Shrinking shirts, tiny Speedos and ‘thigh guys’: why are men’s clothes suddenly so skimpy?

4 hours ago 5

Name: Men’s shirts.

Appearance: Increasingly skimpy.

You’re looking nice today. Thanks, I’m freezing.

Now you mention it, you are a bit blue around the lips. Maybe you should tuck your shirt in? I literally can’t. I’m wearing one of the new waist-skimming shirts that are all the rage for men right now.

Brrr, chilly. Well, it’s hot news, actually. The New York Times reported on the shrinkage of men’s tops, with New York fashion week featuring “models in tees and sweaters shrunken nearly to the navel” and “a button-up shirt that stopped well above the waistline”. Meanwhile, in the real world, retailers are selling loads of shorter men’s shirts.

So is this shrinkflation, but for menswear? With cynical fashion companies cutting costs and calling it a trend? Well, people are also doing DIY versions, cutting the tails off their shirts using TikTok tutorials, so it does seem genuinely popular. Fashion-forward chaps are wearing skimpier tops to balance out their baggy trousers. “Jelly to the big pants peanut butter,” the New York Times called it.

That might be the most American sentence ever written. Would you prefer “Marmite to the large trousers cheddar”?

No, the ratio is off – you need a 50/50 sandwich. Maybe prawn to mayo? We’re getting off track. The point is, there’s a new silhouette in men’s fashion, and people are wondering what it means.

Well, that’s easy: nothing. But it’s not the first instance of men’s clothes getting skimpier. Crop tops for men were big fashion news in 2023 and stuck around, and we’ve just lived through a “thigh guy summer”, with lots of male leg on display. Google searches for Speedos have increased 41% year on year in the UK; and some high street shorts boasted 5in, and even 3in inseams.

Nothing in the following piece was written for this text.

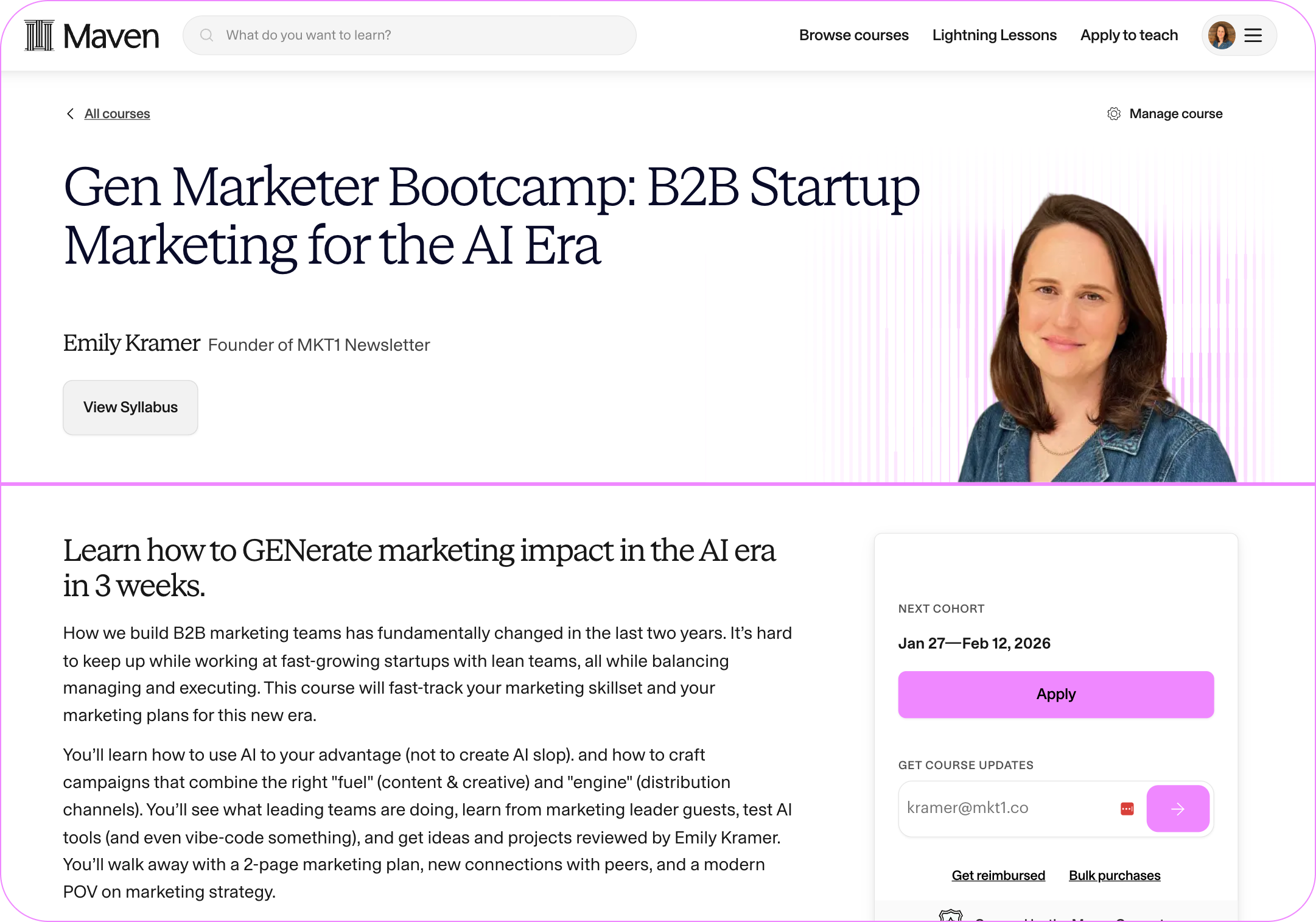 If you loved the Summit and/or want an intensive of becoming a full-stack marketer for the AI era, Iâm returning to teaching cohort-based-courses on Maven and my new course is open for applications.

Sounds eye-watering. That’s not a look anyone but Paul Mescal should attempt, surely? Mescal helped popularise short shorts but loads of men have started flaunting their thighs – and now they’re adopting short shirts, too.

OK, I’m intrigued. What’s your theory? Well, it’s partly about bigging up your body in a gym-obsessed age. “The biggest flex at the moment isn’t a designer item. It is your body. People want to show how hard they have been working out,” stylist Luke Day explained back in May. Skimpy shirts and crop tops highlight toned stomachs (reborn as a “male erogenous zone”, according to the NYT), and short shorts show you never skip leg day.

What else might be happening? We’re arguably seeing a “queering of men’s fashion”, as a Financial Times podcast last year described it, with men of all orientations enjoying being more playful and generally fabulous in how they dress.

Nice! Plus skimpy fashions use less fabric, which is good for the planet. Not buying new clothes at all would be way better but shh … the fashion police will hear us.

Do say: “Who wears short shirts?” “We wear short shirts!”

Don’t say: “Hypothermia’s so hot right now.”